Note: CORS does not support wildcards in origin values when credentials are enabled. Use explicit origins.

WebSocket connections also require CORS; the Upgrade header is allowed by default with NGINX ingress.

Application-Level CORS

The api-gateway also applies CORS middleware via FastAPI’s CORSMiddleware. The allowed origins are configured via the CORS_ORIGINS environment variable (comma-separated list). Default: https://localhost:30000,https://localhost:30001.

Wildcard (*) origins must never be used when credentials are enabled. The application enforces explicit origins to match the ingress configuration.
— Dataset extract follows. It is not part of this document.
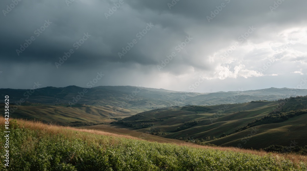 Plakat do Sypialni - Landscape photograph of a vast open field with rolling hills and valleys. the sky is filled with... #1842358620
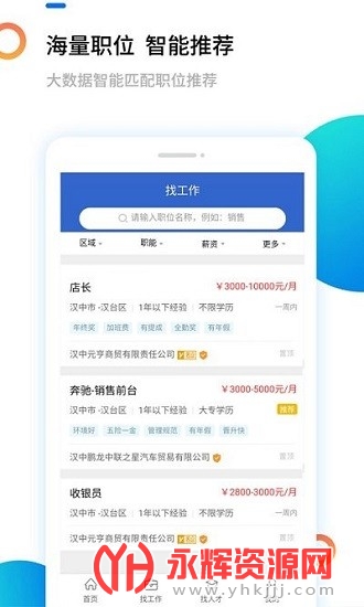 高薪热门职位智能推荐,精准,定位你的上班圈;

Development Environment Access

In development namespaces (galaxy-dev, galaxy-staging), services use NodePort type for stable access without requiring kubectl port-forward. This survives pod restarts and rollouts.

Dev namespace (galaxy-dev):

Service NodePort URL
web-client 30000 https://localhost:30000
admin-dashboard 30001 https://localhost:30001
api-gateway 30002 https://localhost:30002
Prometheus 30090 http://localhost:30090
Grafana 30091 http://localhost:30091

Staging namespace (galaxy-staging):

Service NodePort URL
web-client 31000 https://localhost:31000
admin-dashboard 31001 https://localhost:31001
api-gateway 31002 https://localhost:31002
Prometheus 31090 http://localhost:31090
Grafana 31091 http://localhost:31091

Namespace Overlays

Namespace-specific configuration is managed via Kustomize overlays in k8s/overlays/. Each overlay maps to a deployed namespace and is applied with kubectl apply -k. See the Kustomize section for full details.
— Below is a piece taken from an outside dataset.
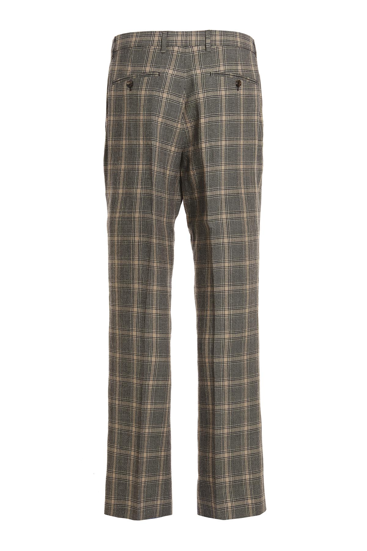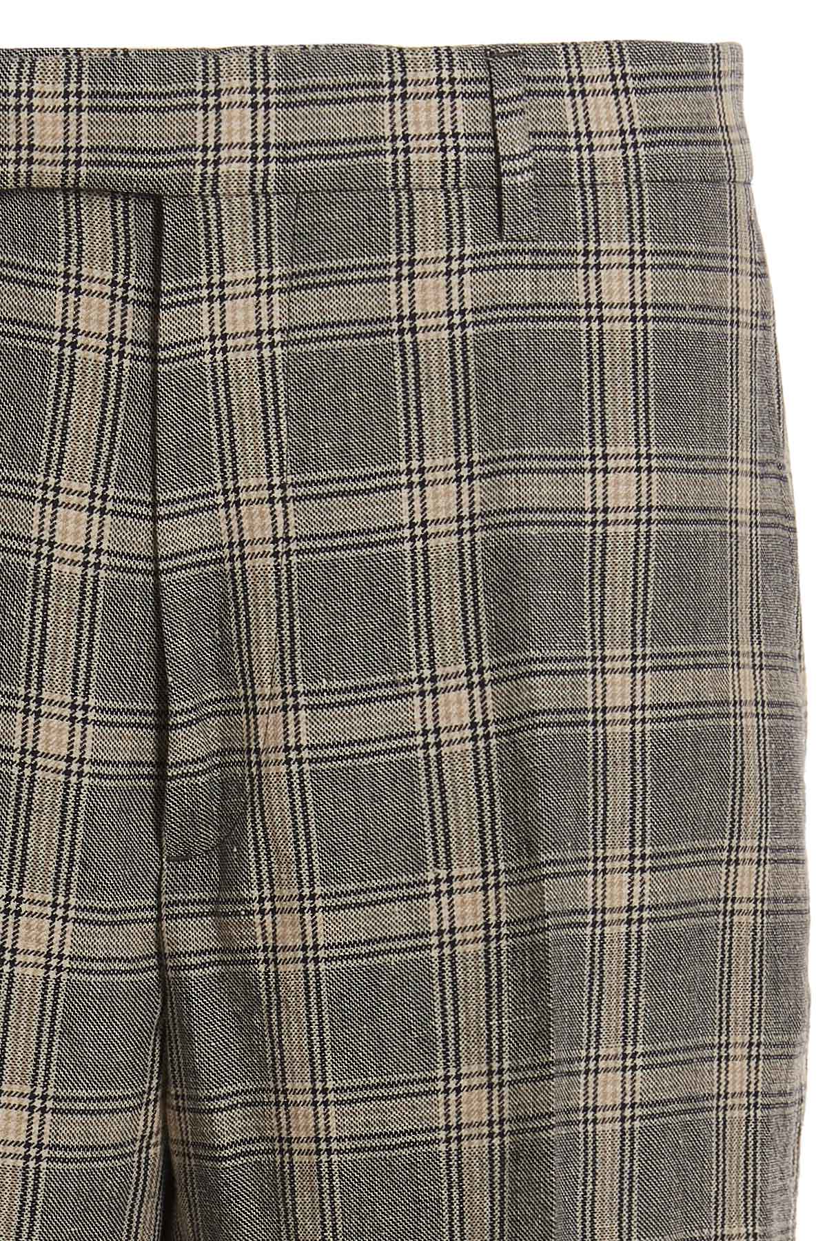 Linen and wool blend Prince of Wales print pants, featuring a zipper, hook-and-eye and button closure, pockets, a straight leg with a central crease.

Overlay Namespace Patch Files
local-dev galaxy-dev (none — uses base as-is)
staging galaxy-staging configmaps.yaml, services.yaml, monitoring.yaml

Internal gRPC (plaintext)

Internal gRPC communication between services (port 50051) uses plaintext — no TLS:

Route Protocol
tick-engine → physics gRPC (plaintext)
api-gateway → physics gRPC (plaintext)
api-gateway → players gRPC (plaintext)
api-gateway → galaxy gRPC (plaintext)
api-gateway → tick-engine gRPC (plaintext)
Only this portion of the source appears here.